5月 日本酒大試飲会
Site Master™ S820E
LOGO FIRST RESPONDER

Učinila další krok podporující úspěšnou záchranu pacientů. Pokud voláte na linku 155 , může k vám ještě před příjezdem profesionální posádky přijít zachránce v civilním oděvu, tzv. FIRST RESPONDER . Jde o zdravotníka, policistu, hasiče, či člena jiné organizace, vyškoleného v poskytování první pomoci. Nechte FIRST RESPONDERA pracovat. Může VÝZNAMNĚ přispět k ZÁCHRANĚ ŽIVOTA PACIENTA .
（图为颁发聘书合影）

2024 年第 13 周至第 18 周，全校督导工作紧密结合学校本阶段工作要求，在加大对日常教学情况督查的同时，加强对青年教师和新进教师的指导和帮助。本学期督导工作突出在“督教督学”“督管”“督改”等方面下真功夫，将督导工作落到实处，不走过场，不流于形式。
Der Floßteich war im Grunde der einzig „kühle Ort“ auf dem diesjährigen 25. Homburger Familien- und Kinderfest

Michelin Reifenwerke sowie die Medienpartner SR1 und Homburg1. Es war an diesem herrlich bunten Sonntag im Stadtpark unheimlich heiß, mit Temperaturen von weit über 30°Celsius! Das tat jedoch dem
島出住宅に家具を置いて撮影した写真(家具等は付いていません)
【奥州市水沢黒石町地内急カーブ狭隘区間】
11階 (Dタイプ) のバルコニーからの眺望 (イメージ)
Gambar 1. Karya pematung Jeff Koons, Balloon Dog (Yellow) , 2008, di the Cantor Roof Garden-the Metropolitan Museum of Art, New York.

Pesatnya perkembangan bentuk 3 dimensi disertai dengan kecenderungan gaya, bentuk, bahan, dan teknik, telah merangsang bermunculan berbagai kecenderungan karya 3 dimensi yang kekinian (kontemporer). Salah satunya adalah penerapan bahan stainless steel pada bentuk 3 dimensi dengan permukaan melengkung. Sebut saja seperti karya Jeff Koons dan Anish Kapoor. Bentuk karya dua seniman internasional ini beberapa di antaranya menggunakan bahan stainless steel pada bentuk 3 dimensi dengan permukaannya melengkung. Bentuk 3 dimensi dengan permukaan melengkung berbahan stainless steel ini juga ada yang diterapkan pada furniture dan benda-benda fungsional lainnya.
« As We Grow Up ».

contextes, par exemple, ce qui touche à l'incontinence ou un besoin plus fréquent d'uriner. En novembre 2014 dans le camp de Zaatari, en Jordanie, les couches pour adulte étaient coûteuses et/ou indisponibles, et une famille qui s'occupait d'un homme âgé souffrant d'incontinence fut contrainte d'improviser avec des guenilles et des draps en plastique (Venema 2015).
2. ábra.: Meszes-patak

- **Task item**:
Would you copy every line of the entries that includes the word "RESPONDER"?

- **Output for this task**:
LOGO FIRST RESPONDER
Učinila další krok podporující úspěšnou záchranu pacientů. Pokud voláte na linku 155 , může k vám ještě před příjezdem profesionální posádky přijít zachránce v civilním oděvu, tzv. FIRST RESPONDER . Jde o zdravotníka, policistu, hasiče, či člena jiné organizace, vyškoleného v poskytování první pomoci. Nechte FIRST RESPONDERA pracovat. Může VÝZNAMNĚ přispět k ZÁCHRANĚ ŽIVOTA PACIENTA .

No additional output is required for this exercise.